I heard that once at course.  It kinda stuck.  Like insurance co-pays, premiums and limitations.

The speaker went on to tell us an interesting story; a well-known dental insurance carrier had picked up and moved it offices from Santa Monica to San Francisco without notifying it’s subscribers or the dental practices rendering services to those subscribers.  How many times have carriers answered queries about your bills with, “We never received the claim?”

Apparently, the speaker let us in on the little secret he learned while working for said company, insurance carriers spend a lot less money moving than paying their claims on time.  Can you beat that?  I think, twenty years later, I can.
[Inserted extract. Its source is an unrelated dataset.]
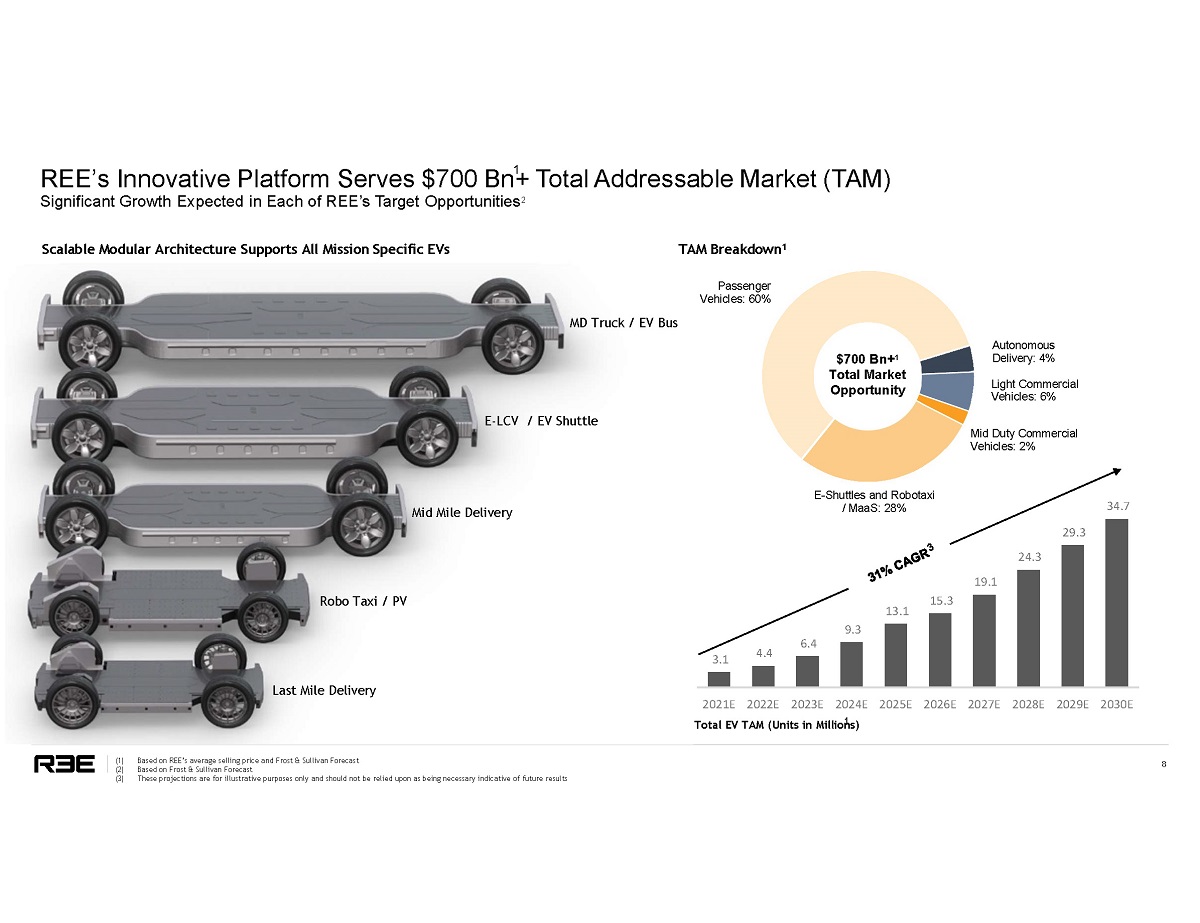 Only fully horizontal player 2 • The largest addressable market • Unified and complete full system solution • Can collaborate with a variety of market players R EE ' s C o r n e r s to n e S o l u t i o n 1 Horizontal Player for Maximum Addressable Market 7 (1) Based on publicly available information, based on US classifications (2) See slide : Unique Technology & Go - To - Market Strategy Relative to New Mobility Players

To this day I still get that answer from my carriers.  When they return my claims asking for information (documentation or radiographic films) I can’t help but fight back a little by encircling the left edge of the claim where the information had already been attached, and somehow was removed.  I try and fight back further by stamping in red across the claim something to the tune of, “ The insurance commissioner will be notified if this claim is not paid within thirty days”.  I’m not fooling anyone.  Contacting the insurance commission once was like trying to become a contestant on “Who wants to be a millionaire.”  NO ONE has that much time.

Now twenty years after that course I still keep his words of wisdom in my noggin.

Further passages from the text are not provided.